As a large network of specialised allied health providers we are also more strongly positioned to apply to funding bodies like our local Primary Health Network, which is more interested in funding larger conglomerates than individual providers.
We are not aligned to a large medical conglomerate choosing to keep autonomy of our business and our work and not be restricted to a medical model. The strength in this is that we are not paying the exorbitant rent and commission fees that many allied health providers are forced to do if they work in a large medical practice, or are contracted by many of the emerging corporate allied health companies that are now emerging.
As private social workers we are guided in business by our strong social work values and ethics, which in fact lend themselves beautifully to growing an ethical business.
As the business develops new opportunities arise.
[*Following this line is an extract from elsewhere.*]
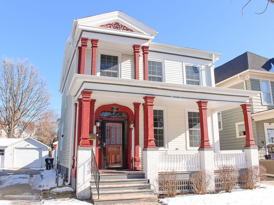 The home features classic radiator heat, providing cozy warmth throughout the winter months. While there is no central air, the home's original design allows for comfortable seasonal living. In-unit laundry machines add everyday convenience, and a 2 -car garage with driveway offers ample parking and storage, an uncommon bonus for a home of this era.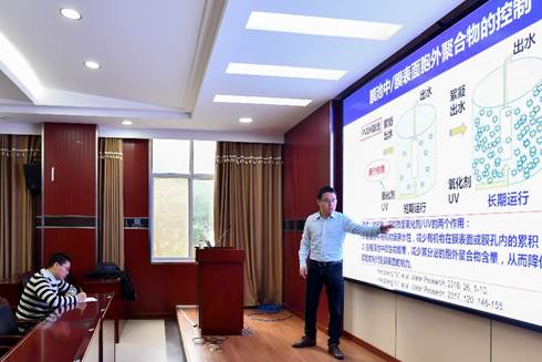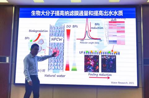 接着,俞文正研究员系统介绍了对地表生物大分子在水处理中影响的研究方法。通过考察水中生物聚合物的生化与物化特征,来探索生物聚合物在地表水净化过程中发挥的积极作用和有益特性;通过收集不同季节的典型地表水样品,提取、浓缩大分子生物聚合物,或者通过培养微生物,提取其分泌的胞外聚合物,来研究胞外聚合物对饮用水处理各工艺的影响。研究通过对生物聚合物的有益性进行系统论证,探索纳滤膜抗污染能力和出水水质对其调控变化的响应机制,考察其提高混凝效率和强化吸附典型金属粒子的效能,从而额外提升水质安全性。

Recently we signed up with two major community care providers as the sole service to provide counselling & general social work services to their clients and carers. Our services are being funded through the new care packages and also through Medicare and DVA. We are extremely interested to see how these packages work for our clients and for us. By working closely with these organisations, educating them on the bio/psycho/social needs of their clients and how we can assist them with their clients we believe that we are facilitiating cultural change within these organisations to better care for the needs of this age group.
We are very much aware that if our service is to survive and grow into the future there are real challenges ahead. Our challenges are the challenges that we as a profession are needing to address now if we are to secure a space for social work .
The first is recruitment. It is difficult to find social workers who have mental health accreditation and experience in either working with older adults or knowledge of the aged care system. Both are needed as are social workers with palliative care experience.
Secondly we need to stand out from the crowd as offering specialist skills.
Community aged care organisations provide untrained support workers and pastoral care positions to largely service the emotional distress needs of their clients. We need to be able to market ourselves as offering specialist skills. Credentialing gerontology and palliative care social work is much needed as is the opportunity to develop evidence based individual and group programs.
We also need the infrastructure as a profession to be able to network each other not only for recruitment purposes but to be able to strongly advocate for our clients. We are dealing with some of the most marginalised people in our society and need to be united in our quest for social justice in this sector.
I can truly say that I have never felt more of an advocate for my clients or for my profession since moving into the private sector. I strongly encourage others to get involved. Yes it is challenging but extremely rewarding and there is more than enough work for all of us now and in the future.
Lynne Harrold BSW/MSW had over two decades of working in community mental health before moving into fulltime private practice in 2006.She has subsequently worked predominantly in the private Aged Care sector. She is the convenor of the NSW self-employed practice group as well as an executive member of MHSWiPP.
It was a pleasure to host this article on my blog. It was originally slated to appear in the AASW magazine- In Focus- but was pulled as it was deemed to give unfair publicity to Lynne during the AASW election period!